Из всего становилось очевидным, что специально в Копюрликой мчится какое-то начальство, т. е. по меньшей мере пристав, а может быть, даже и… сам исправник!

– Алла сахласын![37] – невольно произнес вслух Зейнадин-эфенди, как только мысль об исправнике мелькнула в его голове.

"Чем больше волк, тем он злее и тем больше беды сделает в отаре овец, на которую нападает, – думал мулла, приглядываясь к облачку. – Маленький волчонок унесет одного ягненка из отары, и беде конец, а большой – перережет два десятка овец, прежде чем выберет себе самого жирного барана".

Но облачко было еще слишком далеко, чтобы дожидаться здесь разрешения этой загадки, а жена муллы вот уже чуть не десятый раз выглянула из дверей, и потому Зейнадин-эфенди стал спускаться по крутой и узкой лесенке мечети вниз.

У самых ворот он встретил Селямета, отца любопытного Абибулы, и так как Селямет в этом году служил выборным от татар полицейским в селе, то он остановил его.

– Селямет, беда!

– Когда я слышу твой голос, мулла-эфенди, и вижу тебя на ногах, беды еще нет никакой: ты здоров, – отвечал с мусульманскою вежливостью Селямет, почтительно приложив накрест обе руки к груди.

Мулле этот ответ понравился.

– Я знаю, что ты умный человек, Селямет Муслядин оглу, и поэтому то мы и выбрали тебя своим начальником в селе, а все же таки беда идет…

– Ой, беда, ой, беда! – засуетился он. – Твоя правда, мулла-эфенди, большая беда, очень большая беда!.

Предчувствие не обмануло старого муллу: в Копюрликой мчался не кто иной, как сам исправник, ненасытный и грозный Апостол Ставрович Триандафилиди! И души Зейнадина-эфенди и Селямета Муслядина оглу не даром чуяли, что надвигается гроза, скоро грянет и гром!.

Четверть часа спустя за околицей загремел целый оркестр звонков и бубенчиков и в Копюрликой влетел на четверке взмыленных лошадей, запряженных в небольшую рессорную бричку, сам всесильный начальник уезда Апостол Ставрович Триандафилиди.

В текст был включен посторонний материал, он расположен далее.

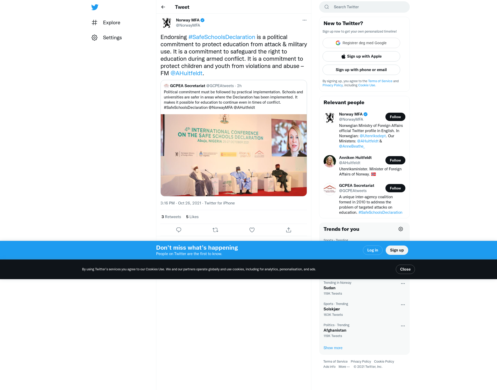 Endorsing #SafeSchoolsDeclaration is a political commitment to protect education from attack & military use. It is a commitment to safeguard the right to education during armed conflict. It is a commitment to protect children and youth from violations and abuse – FM @AHuitfeldt.

Со всех концов за его бричкой мчалось десятка два огромнейших деревенских псов, для которых появление с таким громом и звоном экипажа с четверкой лошадей было настолько необычайным, что собаки метались с неслыханным остервенением…

А бричка тем временем, повернув из боковой улицы в главную, ведущую к пригорку, на котором стояла мечеть, продолжала быстро нестись, направляясь, очевидно, к этому центральному пункту деревни.

Но тут произошло нечто совершенно неожиданное.

Под самым плетнем двора почтенного Зейнадина-эфенди безмятежно спал огромнейших размеров кудлатый пес, облепленный таким неимоверным количеством репейников и колючек, что на первый взгляд трудно было даже сказать, что это за животное. Зарычав свирепо, он шарахнулся прямо наперерез лошадям с такою стремительностью, что, не успев во время увернуться, попал им под ноги и сделался причиною целого приключения.

Пристяжная, испугавшись уже одного неестественно страшного вида этого пса и почувствовав вслед затем у себя под ногами огромное колючее тело, взвилась на дыбы, бросилась на других лошадей, сбила их с дороги, и вся четверня, без того уже разгоряченная быстрою ездой, бешено понесла, закусив удила и не слушаясь более вожжей своего кучера.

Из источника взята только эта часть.